Eating paleo turned my health around. Now I rely on just one prescription, lost nearly the last of my baby weight after four babies (boo-yeah), and don’t feel like curling up into a cocoon every waking moment of the day. If anyone is a staunch proponent of whole-food, unprocessed, healthy eating, it’s me (even though I do have a few weaknesses—hello, ice cream). Tons of “diets” function around these ideas, and they’ve become almost cultural buzzwords: Paleo, Primal, Whole Food, Keto, Gluten-Free, Mediterranean, etc.

But once I became aware of how food affected my health, radically changed my lifestyle around that, and adjusted to it, I noticed something else.

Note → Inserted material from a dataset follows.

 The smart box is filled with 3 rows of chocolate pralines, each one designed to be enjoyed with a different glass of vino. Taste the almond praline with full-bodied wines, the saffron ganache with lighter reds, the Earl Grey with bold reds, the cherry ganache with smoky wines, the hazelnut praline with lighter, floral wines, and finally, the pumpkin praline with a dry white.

Paleo Zealots Are Annoying And Multiplying

After a few months of eating drastically differently than I ever had before, I noticed that people in my circles talk about eating paleo/whole food/keto all the freaking time. To be fair, food consumption is a huge part of life. For most people, food isn’t just fuel, it’s a social activity, it’s pleasurable, and it consumes a lot of time, energy, and finances. If a person makes a significant lifestyle change in that area, it’s normal to discuss it.

When I first did, I probably drove my husband nuts complaining about how much I missed plain ‘ol gluten (I still love you, Krispy Kreme). Likewise for others, gluten, nuts, dairy, and other common ingredients cause allergic reaction in them or their kids. So talking about it makes sense as a de-stress measure.

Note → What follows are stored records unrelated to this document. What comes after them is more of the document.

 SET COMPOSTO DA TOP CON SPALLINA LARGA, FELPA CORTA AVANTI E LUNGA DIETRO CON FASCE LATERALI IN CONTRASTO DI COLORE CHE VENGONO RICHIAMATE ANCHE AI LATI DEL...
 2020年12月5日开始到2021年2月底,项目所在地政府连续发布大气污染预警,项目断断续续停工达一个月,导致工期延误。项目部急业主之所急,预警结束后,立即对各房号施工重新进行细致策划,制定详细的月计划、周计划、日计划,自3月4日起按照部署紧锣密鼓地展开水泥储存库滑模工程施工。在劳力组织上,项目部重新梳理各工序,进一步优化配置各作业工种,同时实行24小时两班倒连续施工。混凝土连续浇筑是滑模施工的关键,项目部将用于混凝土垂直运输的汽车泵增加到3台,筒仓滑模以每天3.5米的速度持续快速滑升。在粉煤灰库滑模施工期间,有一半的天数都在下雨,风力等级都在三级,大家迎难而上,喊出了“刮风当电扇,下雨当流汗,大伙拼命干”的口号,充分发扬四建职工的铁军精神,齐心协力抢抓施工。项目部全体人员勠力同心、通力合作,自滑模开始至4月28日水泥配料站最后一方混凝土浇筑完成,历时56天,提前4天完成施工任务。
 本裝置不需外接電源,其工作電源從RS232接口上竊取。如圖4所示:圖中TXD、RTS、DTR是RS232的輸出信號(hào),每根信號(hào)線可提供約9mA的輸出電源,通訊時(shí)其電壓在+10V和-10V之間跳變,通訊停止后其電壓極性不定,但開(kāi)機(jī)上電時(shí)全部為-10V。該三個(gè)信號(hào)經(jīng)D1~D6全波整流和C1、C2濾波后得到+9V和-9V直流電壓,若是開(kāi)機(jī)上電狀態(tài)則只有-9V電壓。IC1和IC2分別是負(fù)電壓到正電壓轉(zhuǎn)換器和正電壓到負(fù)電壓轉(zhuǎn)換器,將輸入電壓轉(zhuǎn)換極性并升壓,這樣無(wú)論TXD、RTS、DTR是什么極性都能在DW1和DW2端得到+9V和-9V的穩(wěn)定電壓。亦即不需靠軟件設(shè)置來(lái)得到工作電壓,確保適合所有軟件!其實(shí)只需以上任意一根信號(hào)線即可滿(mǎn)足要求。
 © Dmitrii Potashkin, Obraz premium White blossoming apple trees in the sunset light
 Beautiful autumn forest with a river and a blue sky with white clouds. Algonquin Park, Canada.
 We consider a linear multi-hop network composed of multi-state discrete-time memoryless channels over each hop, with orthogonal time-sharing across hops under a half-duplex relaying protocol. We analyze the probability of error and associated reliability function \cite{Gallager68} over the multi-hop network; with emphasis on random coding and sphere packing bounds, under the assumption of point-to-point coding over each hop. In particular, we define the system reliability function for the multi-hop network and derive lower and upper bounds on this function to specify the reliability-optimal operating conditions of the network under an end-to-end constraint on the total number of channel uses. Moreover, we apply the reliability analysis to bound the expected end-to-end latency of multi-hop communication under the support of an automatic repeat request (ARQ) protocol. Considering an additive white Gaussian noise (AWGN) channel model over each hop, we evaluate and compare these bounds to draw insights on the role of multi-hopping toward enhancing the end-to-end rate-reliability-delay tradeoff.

But that doesn’t mean that every time we invite friends or family over, or visit a restaurant with friends, or just hang out, I want to hear how someone found an $8 box of cereal that serves two people one serving and is made from the grain of our hunter-gatherer ancestors and dried organic mango from India. Little ruins a social occasion more than spending time and effort making a delicious, healthy meal, and someone starting to subtly comment on an ingredient in one of the dishes they either no longer eat, don’t like, or isn’t up to their “Whole Foods standard.”

Is this roast beef organic? Grass-fed beef? Cooked in coconut oil?” “Wait, are those rolls? Like with actual wheat? Are you Satan or something?”

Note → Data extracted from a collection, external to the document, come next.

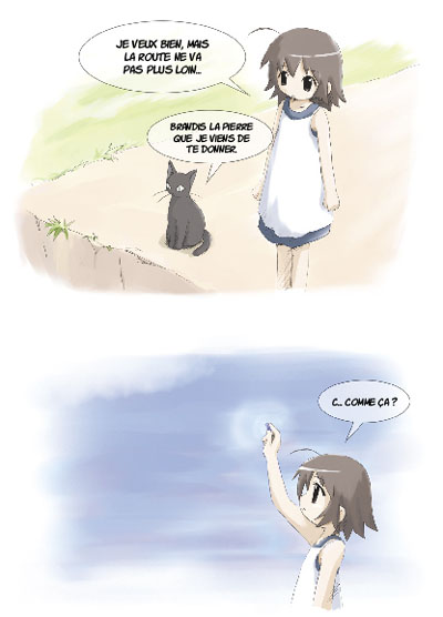 n ciel aux couleurs étranges, un chien malicieux qui parle, un arbre qui court, et voilà que Lucy pénètre dans le ventre d’un chat. Une averse, un matou gris, une drôle de route, l’autre fillette se rappellera-t-elle de son ami d’un moment ? L’été, l’amitié et la pierre bleue qui lit Shimashima à Miyako auront-elles raison de la maladie ?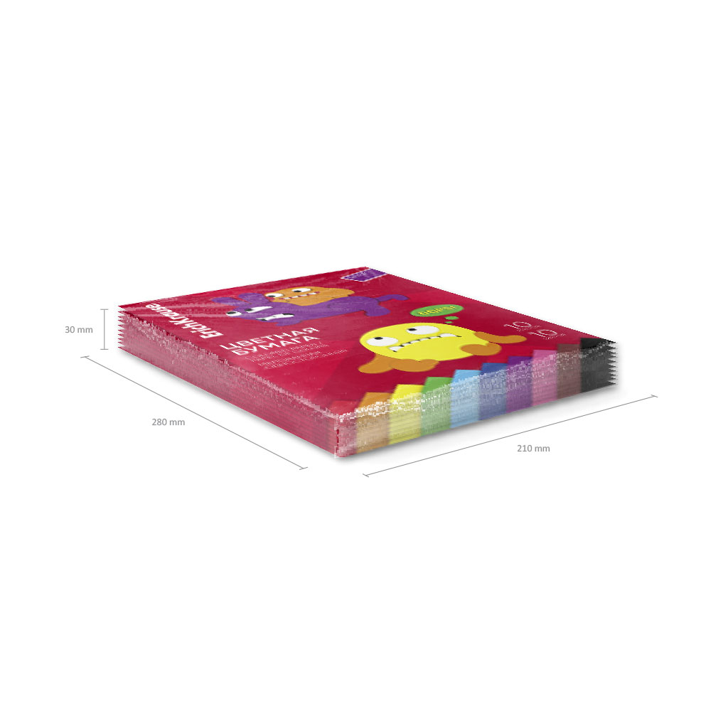Цветная бумага мелованная односторонняя формата А4 (203х280 мм). В наборе 10 листов 10 базовых цветов (красный, оранжевый, желтый, зеленый, голубой, синий, фиолетовый, розовый, коричневый, черный). Плотность наполнения 80 г/м2. Тип скрепления клей. На внутренней стороне обложки приводятся инструкции по изготовлению поделок. Упакована в термоусадочную пленку по 10 штук.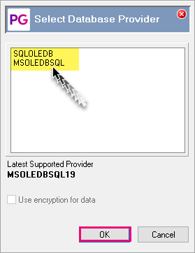 - At the Select Database Provider prompt, select the SQL OLD DB provider you have installed and click Ok.
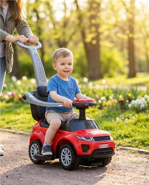 Baby Mix 3 az 1-ben vidám színes zenélő bébitaxi, minőségi műanyagból gyártott. Az elem nem a csomagolás része. Jellemzői: 12-36 hónapos gyerekek számára ajánlott, használható mint jármű, járóka vagy mint futóbicikli, leszerelhető tolókarral felszerelt, az ülés alatt tároló található a játékoknak, kürttel rendelkezik, a kormányon 4 gomb található, amelyek dallamot játszanak (2x1,5V AA elem), levehető oldalsó biztonsági védők, alsó lábtámasz, stabil és minőségi műanyag. Mérete: magassága - 86 cm ( teljes jármű kormánnyal), szélessége - 42 cm, hossza - 66 cm (a jármű hossza a kormánnyal).
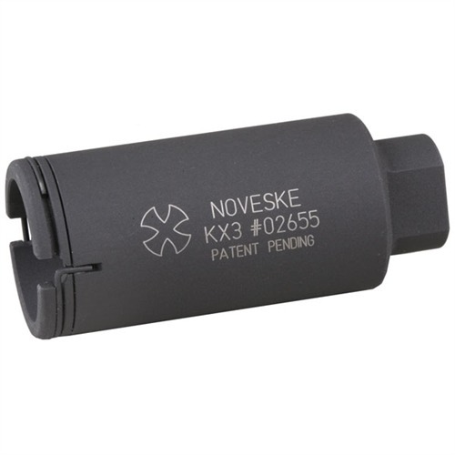 SPECS: Heat-treated steel, phosphate finish, matte black. 3 1/4" O.A.L. 1 3/8" diameter. 6.7 oz weught. 5.56 model fits rifles in 5.56mm/.223 with 1/2"-28 tpi muzzle threads.

Stop Being a Food Godmother

Only a paleo-zealot can ruin a meal of hummus and tortilla chips because legumes are food from demonic creatures and corn is still technically a grain you paleo-ignorant moron. Only a paleo-zealot can make you think because you’re not eating an organic salad with free-range chicken and aged balsamic vinegar that you would have been better off eating a Snickers bar. Food obsession, taken this far, makes others who may not dot every i or cross every wishbone feel silly, guilty, or ignorant. It may discourage people who have worked really hard to just attempt to eat healthily, or change previous bad habits.

Because food is personal and sustaining, this food godmother tendency tends to make mealtime annoying at best and awkward at worst. While you’re having sex, do you constantly ask your partner, “Does this feel good? Do you like this?” Get over it. Constant discussion about being gluten-free or questions about whether every morsel in your house is organic is preening, overwhelming, and borderline narcissistic. You don’t sound cool, I don’t respect you any more than I did before, I’m bored by this, and you should be too.

It’s one thing to eat a certain way because you’re fighting for your life mentally, physically, or spiritually—“Let food be thy medicine and medicine be thy food,” Hippocrates said—but for the love of the paleo gods already, stop letting it dominate your life, brain, conversation, children, romance, and hobbies. It’s not impressive or hip. It’s just annoying and invasive.

Share your whole-food way and then let others decide for themselves which food path to take. By making it a part of every single conversation, you ruin the beauty of food preparation and consumption, plus the people you share it with, and make yourself an annoying, self-righteous prig in an endless quest for attention.